Chapter 7 Dr. James W. Mitchell 1993 Black Engineer of the Year THE
FOLLOWING ARTICLE, WRITTEN BY
MICHAEL F. KASTRE, WAS FIRST PUBLISHED IN US BLACK ENGINEER & IT, CONFERENCE ISSUE 1993. James Mitchell joined Bell Labs as a member of the technical staff in 1970 after receiving his bachelor’s degree in chemistry from the Agricultural and Technical State University of North Carolina at Greensboro and a doctorate in analytical chemistry from Iowa State University at Ames. Later, he accepted the position of supervisor of the Inorganic Analysis Group, and in 1975, he was promoted to head of the department. Mitchell currently heads the Analytical Chemistry research department of Bell Laboratories. According to Robert A. Laudise, director of the Materials and Processing Research laboratory, “In the past year alone, he has been responsible for a number of important accomplishments that contribute to the increased global competitiveness of the U.S. electronics industry.
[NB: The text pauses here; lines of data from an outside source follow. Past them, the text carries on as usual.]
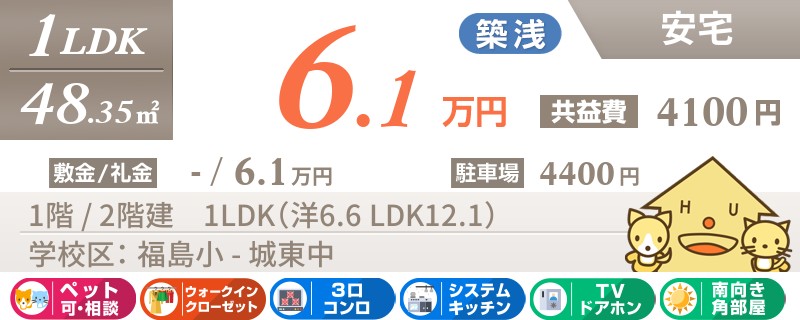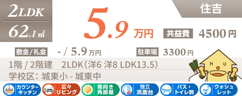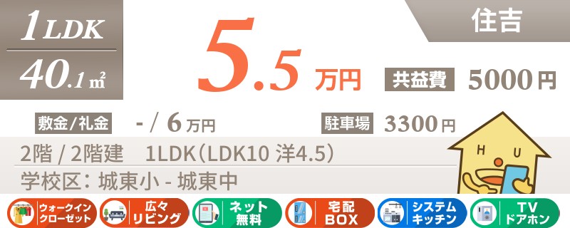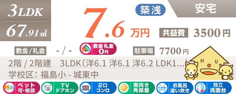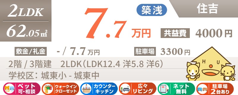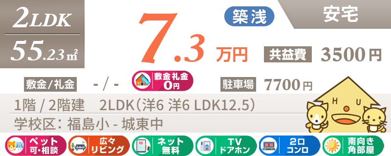 【インターネット無料】おしゃれにリフォーム済みの綺麗な2LDK★城東小学校まで徒歩約5分です!
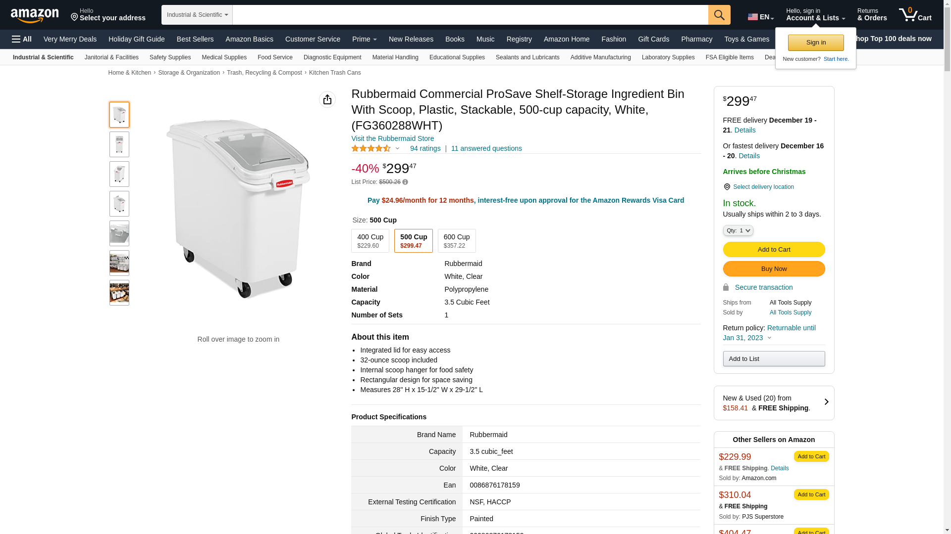 | ToolUp.com | RUBBERMAID FG360288WHT | 1 | False | 1 | 1 @ $337.69 |
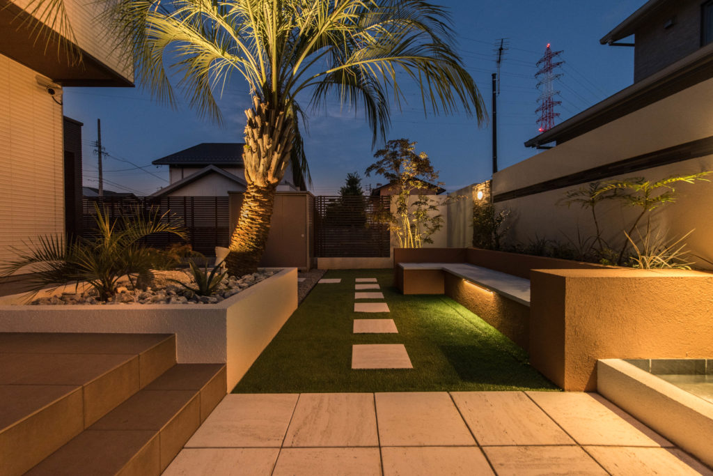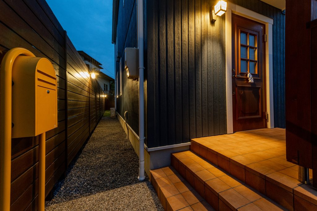 足元灯や植栽の影が、夕暮れ時のアプローチを幻想的に変えます。
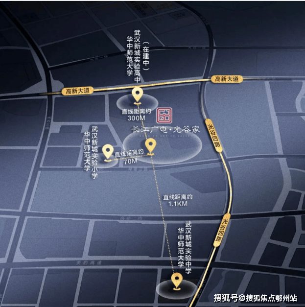 项目正处高新大道与光谷四路交汇处,周边约1.5公里之内汇集了光谷东现有的顶级资源,可以说是光谷东内环核心的核心,聚集的是光谷东天花板级配套。
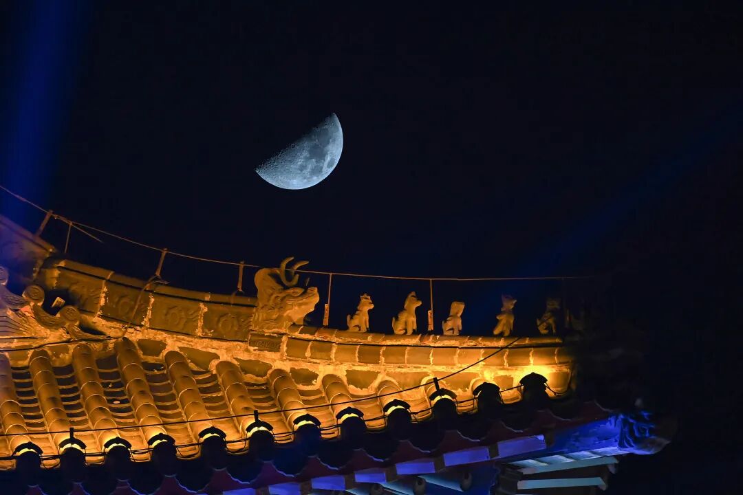 △2026年2月24日,山东青州,2026年度最大上弦月现身天宇。
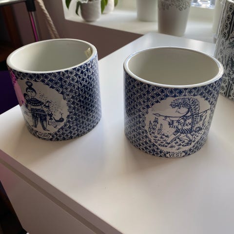 Fin urtepotte skjuler i Guirlande serien. Ingen brugs spor. Diameter 13 cm og 10,6 cm høj. I farverne rød, rosa og guld. Sender gerne men ikke med fiksfærdig.
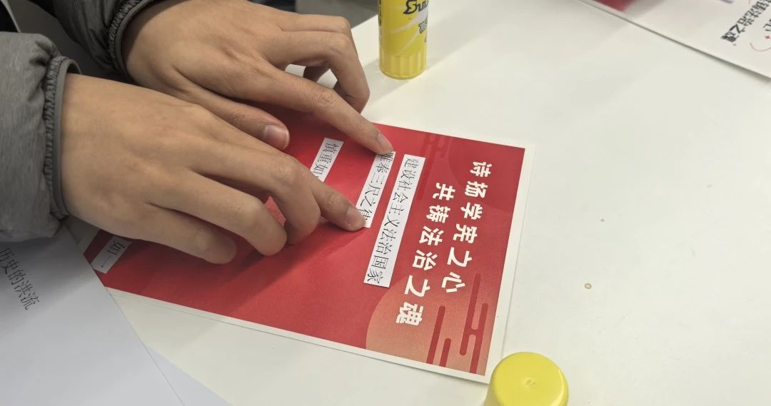 法意文辞笺上载,彩板明辉案前呈。为厚植法治信仰,增强法治意识,12月23日下午,“诗扬学宪之心,共铸法治之魂”主题活动在中文系4430室举行。2024级中文系硕士班多位同学共同参与,通过观看宪法宣传影片、创作宪法拼贴诗,领悟宪法精神,感悟宪法力量。
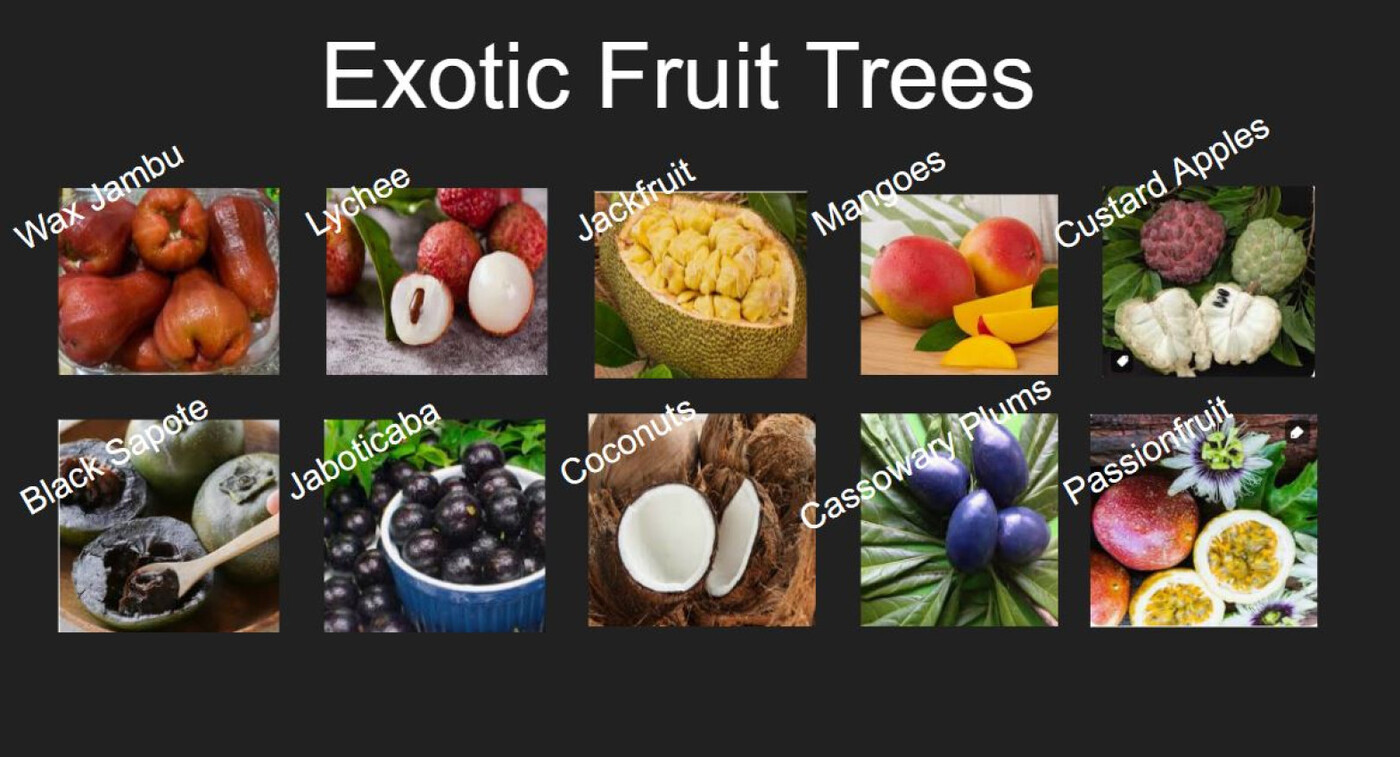 This is truly a Garden of Eden - there are many fruit trees on the property: Lychee, Jackfruit, Wax Jambu, Mangoes, Black Sapote, Jaboticaba, Coconuts, Cassowary Plus, Custard Apples and an arbour of Passion Fruit.

Using the concept he invented, ‘on-demand’ reagent generation, which integrates turn-key chemical synthesis with real-time purification and online analysis, dangerously toxic arsine has been produced at precisely determined part per billion levels in order to produce the highest quality silicon wafers for device manufacture. A major supplier of electronic reagents is negotiating terms for the commercialization of this analytical process system.” Mitchell explains the impact on the industry: “In telecommunications, one needs materials that are extraordinarily pure. Silicon was the first example of a broadly used material where it couldn’t have trace impurities. The modern equivalent of that is optical wave-guide materials that must be even purer than the specifications we have for silicon. If the optical wave guide materials are not pure, the light pulses that you attempt to transmit through the glass fibers to carry the telecommunications will be absorbed by the impurities.”